Storing every raw event and scanning them at query time doesn’t scale. With 100K events/second, querying “page views in the last hour” would scan 360 million rows. Pre-aggregating into minute buckets means the same query reads only 60 small records. The trade-off is that you lose the ability to ask arbitrary questions about individual events — but dashboards care about aggregates, not individual data points.
Why Buffer Events Before Processing?
Traffic spikes are inevitable — a popular blog post gets shared on Reddit, a marketing email goes out. Without buffering, each spike directly hammers the aggregation layer. A buffer absorbs the spike, processes events in efficient batches, and keeps throughput consistent. The 1-second flush interval means events appear on dashboards within 1-2 seconds — fast enough for “real-time” analytics.
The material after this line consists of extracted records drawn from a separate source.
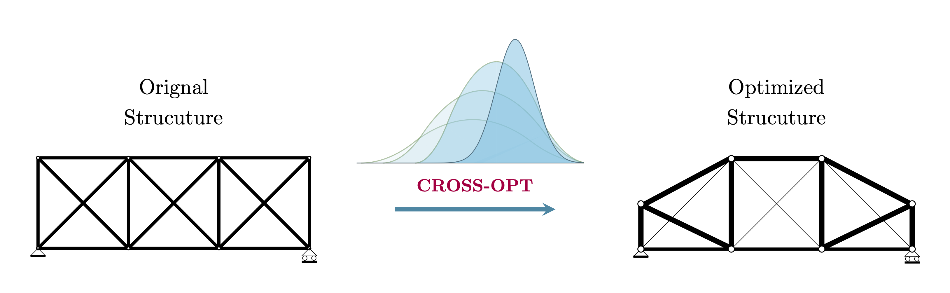 CROSS-OPT: Cross-Entropy Optimization for Truss Structures is a Matlab package that implements a framework for size and shape structural optimization of truss systems. The package leverages the Cross-Entropy (CE) method for global search optimization and employs an augmented Lagrangian formulation to handle equality and inequality constraints. With some straightforward adaptations, the CROSS-OPT strategy can also be applied to other structural systems and optimization problems.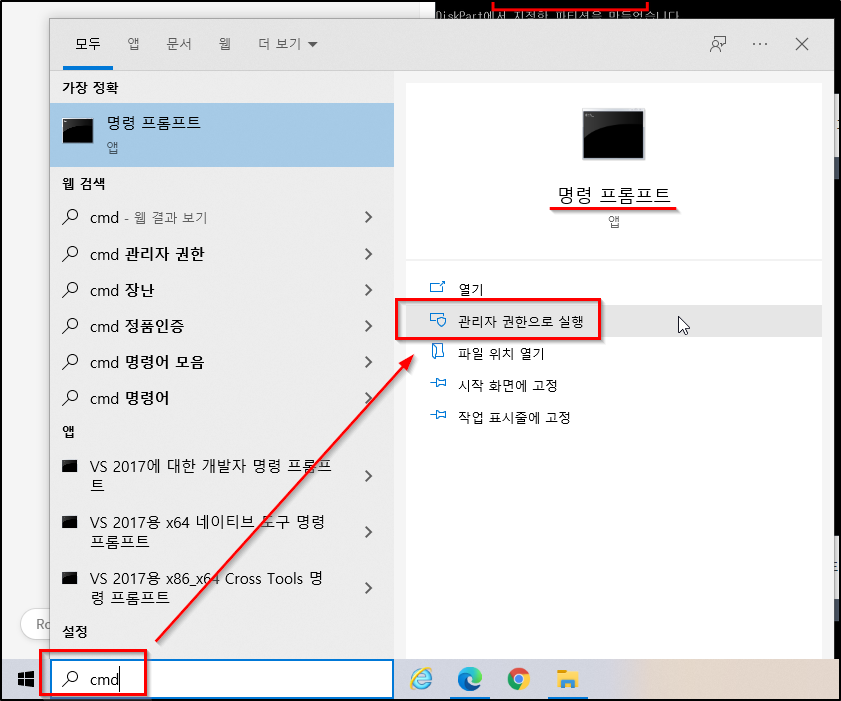 1. 명령 프롬프트를 관리자 권한으로 실행합니다.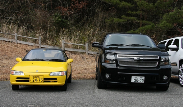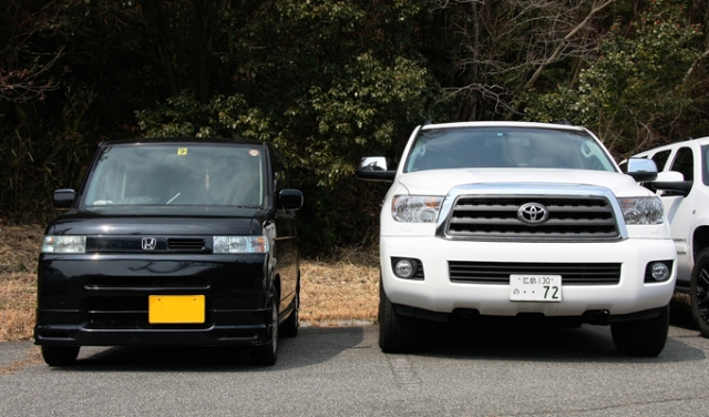 USトヨタ・セコイアの横にあるのはホンダ・ジャッツ?。ちょっと前のモデルだと思いますが、ビートくらいの世代の軽と比べると随分と大きいですよね? 今のタントとかNボックスとかはもっとデカいもんなぁ…

Why Sliding Window for Active Users?
The alternative is counting distinct visitors in the last N minutes by scanning all recent events — this gets expensive as event volume grows. A sliding window map gives O(1) lookups and is updated incrementally. The 30-second cleanup interval is a trade-off: more frequent cleanup uses more CPU, less frequent cleanup uses more memory from stale entries.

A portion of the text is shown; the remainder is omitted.